Into The Wild (2007)
Director: Sean Penn
Cast: Emile Hirsch, Marcia Gay Harden, William Hurt
Where it’s set: Alaska, USA
Christopher McCandless doesn’t want adventure. He wants the truth. After abandoning his possessions and cutting ties with society, he journeys north toward Alaska, chasing the idea of a purer existence. What he finds is beauty, isolation, and the limits of self‑reliance. Few films capture the seduction of escape as powerfully as Into The Wild. Alaska isn’t just a setting. It’s a mirror — reflecting both freedom and consequence.
Tracks (2013)
Director: John Curran
Cast: Mia Wasikowska, Adam Driver
Where it’s set: Australian Outback, Australia
Robyn Davidson walks 1,700 miles across the Australian desert with four camels and a dog. She doesn’t do it for glory. She does it to reclaim autonomy. The desert is vast and almost abstract – a place where identity dissolves and reforms. Tracks is about solitude, not as loneliness, but as clarity. It’s one of the most meditative hiking films ever made.
The Way (2010)
Director: Emilio Estevez
Cast: Martin Sheen, Emilio Estevez
Where it’s set: Camino de Santiago, Spain
After his son dies while hiking the Camino de Santiago, a father travels to Spain to complete the pilgrimage in his place. What begins as an obligation slowly becomes a transformation. The Camino introduces him to strangers who reflect different versions of grief, healing, and acceptance.The trail doesn’t erase loss. It reshapes it.
Everest (2015)
Director: Baltasar Kormákur
Cast: Jason Clarke, Jake Gyllenhaal, Josh Brolin, Keira Knightley
Where it’s set: Mount Everest, Nepal
Everest captures the thin, terrifying line between ambition and survival. Based on the real 1996 disaster, the film shows how quickly the mountain reminds climbers of their insignificance. The scale is overwhelming. The danger is constant.It’s a reminder that nature doesn’t negotiate.
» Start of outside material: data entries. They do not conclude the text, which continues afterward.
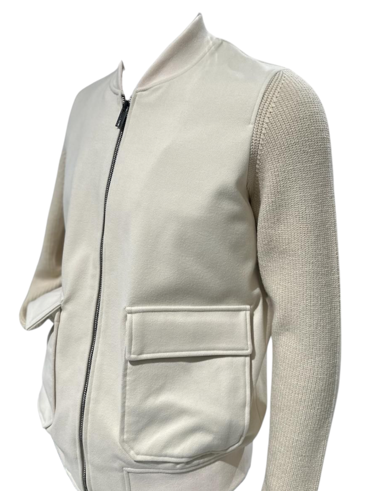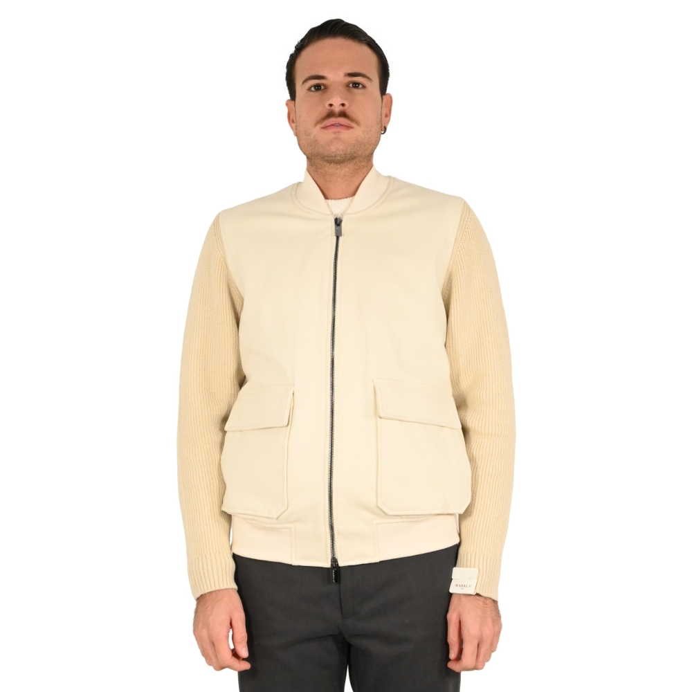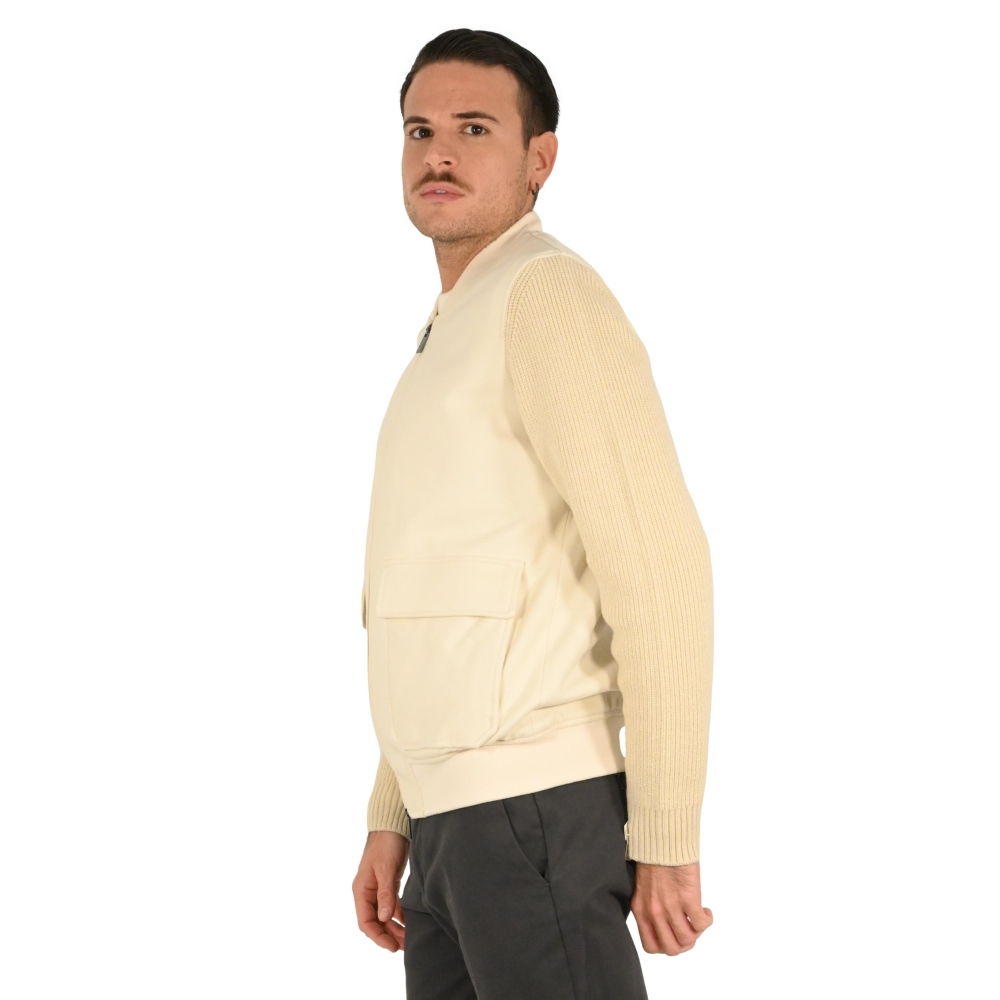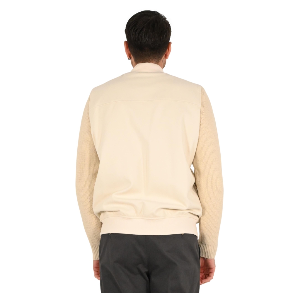uomo 〉 Abbigliamento 〉 Giubbino 〉 Overshirt uomo color latte in tessuto diagonale con maniche in maglia
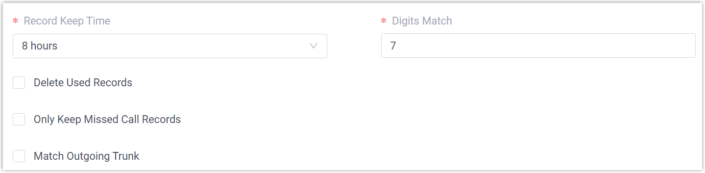 Setting Description Record Keep Time Set how long records can be kept in AutoCLIP list. If keep time of a record exceeds the value, PBX will automatically delete the record. Tip: You can check the expiration time in the AutoCLIP record list directly.Digits Match Define how many digits from the last digit of the incoming Call ID will be used to match the AutoCLIP list. Note: If the number has fewer digits than the value defined here, it will be matched in full length.Delete Used Records If enabled, when an AutoCLIP record is matched, it will be deleted from the record list automatically after the original extension has answered the redirected customer call. Only Keep Missed Call Records If enabled, only when the outbound call is not answered will it be recorded in the AutoCLIP list. Match Outgoing Trunk If enabled, the PBX will route the call to the original extension only when the trunk number dialed by external users matches the trunk that was used to place the call earlier. - In the Trunk section, select which trunks will use
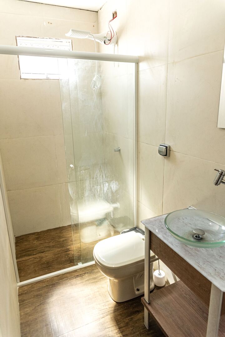 - O banheiro tem chuveiro elétrico, box de vidro e secador de cabelo
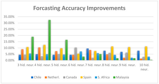 The relative percentual forecasting error for the suggested forecasting system is shown in the first column of Table 2, while the relative, i.e., percentual differences, between the accuracy of the suggested forecasting system and the individual TDNNCs’ forecasts are shown in the remaining eight columns. It can be noticed that the entire system outperforms the individual TDNNCs when observing the forecasting error for the year 2021 and fulfills the expectations. Using the suggested system, the increase in relative accuracy goes from 0.45% in the case of Malaysian TDNNC with 10 hidden neurons, to 32.42% in the case of TDNNC with four hidden neurons. This is also illustrated in Figure 6. Here, the X-axes denote the individual TDNNCs realization, while the Y-axes denote the percentual increase of the forecasting accuracy (relative error) between their individual forecasts and the forecasts of the optimal TDNNC based forecasting system that incorporates several individual TDNNCs. For example, the forecasting accuracy of the system (calculated as the averaged relative error of the forecasts) is larger than the accuracy achieved using only a single TDNNC for the same prediction. These increases are graphically represented with bars in different colors in Figure 6, where each color corresponds to a particular country.
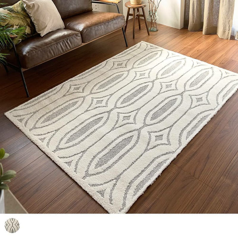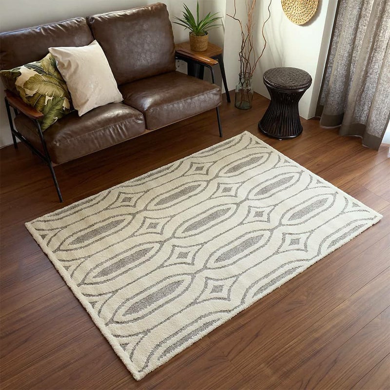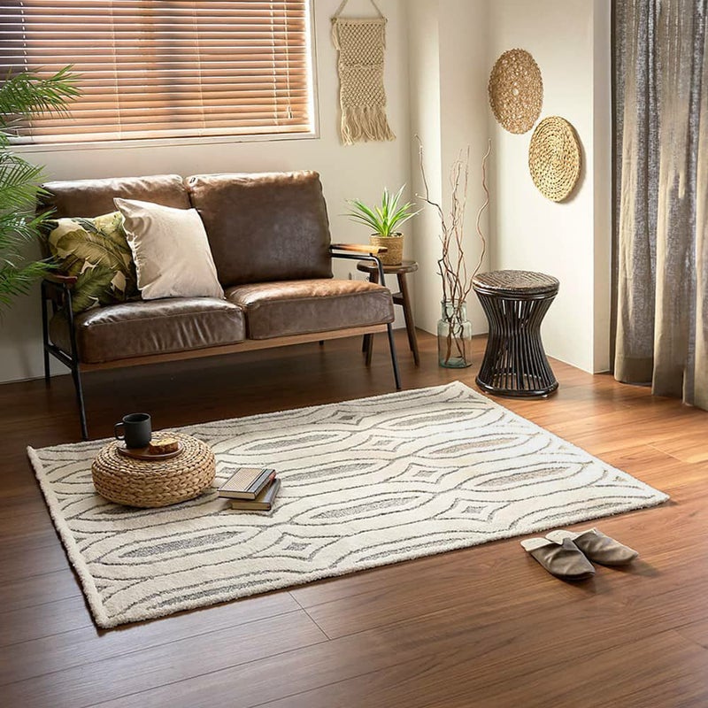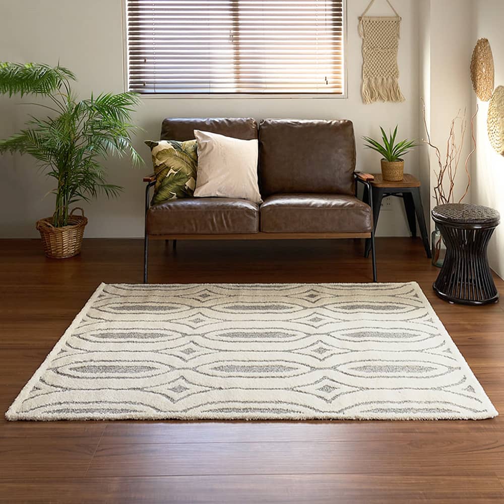 インパクトがあるデザインながらも、ニュアンスのあるグレー×アイボリーでまとめた配色は高級感が漂います。ナチュラルモダンなアフリカンスタイルのクオリティを上げる、こだわりのラグです。
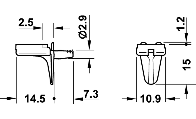 Полкодержатель для стеклянных полок для крепления в отверстии диаметром 3 мм.
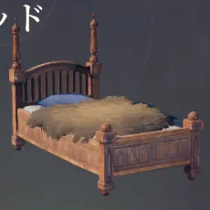 華やかな木製のベッドは『Enshrouded~霧の王国~』で入手可能なアイテムのひとつ。
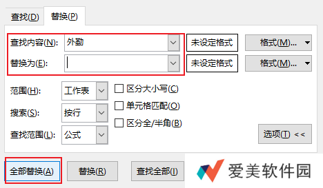 先利用查找替换去除文字「外勤」(记得先备份数据,以免丢失~):
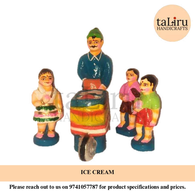 Delight your display with the playful Ice Cream doll set, featuring vendors and children enjoying sweet treats. This fun and modern addition brings vibrance, joy, and a touch of contemporary charm to your traditional Golu steps.
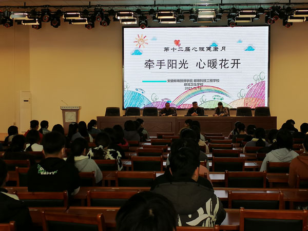 3月16日下午,我院第十二届心理健康教育月活动拉开序幕。本次活动月主题是“牵手阳光,心暖花开”。开幕式由心理健康室陈伶伶老师主持,陈华坤副院长、郭仁龙处长、部分班级学生代表出席了本次活动,开幕式上陈院长、郭处长分别发表了重要讲话,鼓励同学们积极参与活动,向同学们提出了强化心理素质的几点建议,希望同学们在活动中释放压力,了解维护心理健康的方法、途径,最后,陈院长宣布了本次心理健康活动月正式启动。
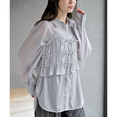 ガーリーなビスチェがついたシアーシャツ
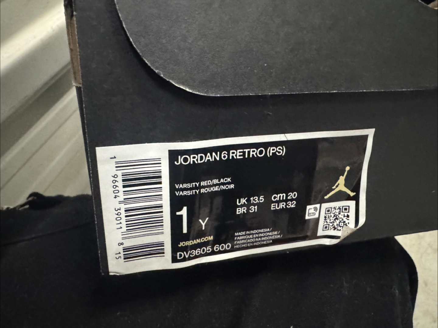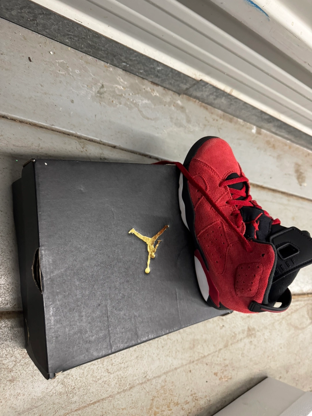 Selling a pair of Jordan 6 Retro (PS) in Varsity Red/Black! These are a size 1Y and come with the original box

A Walk In The Woods (2015)
Director: Ken Kwapis
Cast: Robert Redford, Nick Nolte, Emma Thompson
Where it’s set: Appalachian Trail, Eastern USA
Two aging friends attempt to hike the Appalachian Trail, confronting not just physical limitations but the quiet realization that life is finite. It’s funny, self‑aware, and unexpectedly emotional. The trail becomes a confrontation with time itself.
Free Solo (2018)
Director: Elizabeth Chai Vasarhelyi and Jimmy Chin
Cast: Alex Honnold
Where it’s set: Yosemite National Park, California, USA
Free Solo documents Alex Honnold’s attempt to climb El Capitan without ropes. As you can imagine, the tension is almost unbearable because the stakes are absolute. There is no safety net – physically or psychologically. It’s less about climbing and more about fear, control, and obsession.
The Ritual (2017)
Director: David Bruckner
Cast: Rafe Spall, Arsher Ali, Robert James‑Collier
Where it’s set: Swedish wilderness, Sweden
A group of friends hike through a remote Scandinavian forest, and quickly realize they are not alone. The Ritual uses wilderness as psychological terrain. The forest becomes a manifestation of guilt, grief, and fear. Nature here is ancient, indifferent, and watching.
Happiness for Beginners (2023)
Director: Vicky Wight
Cast: Ellie Kemper, Luke Grimes
Where it’s set: Appalachian Trail, USA
After her divorce, Helen joins a wilderness survival course that forces her far outside her comfort zone. What begins as an obligation slowly becomes liberation. The trail doesn’t just challenge her physically, it rebuilds her sense of self.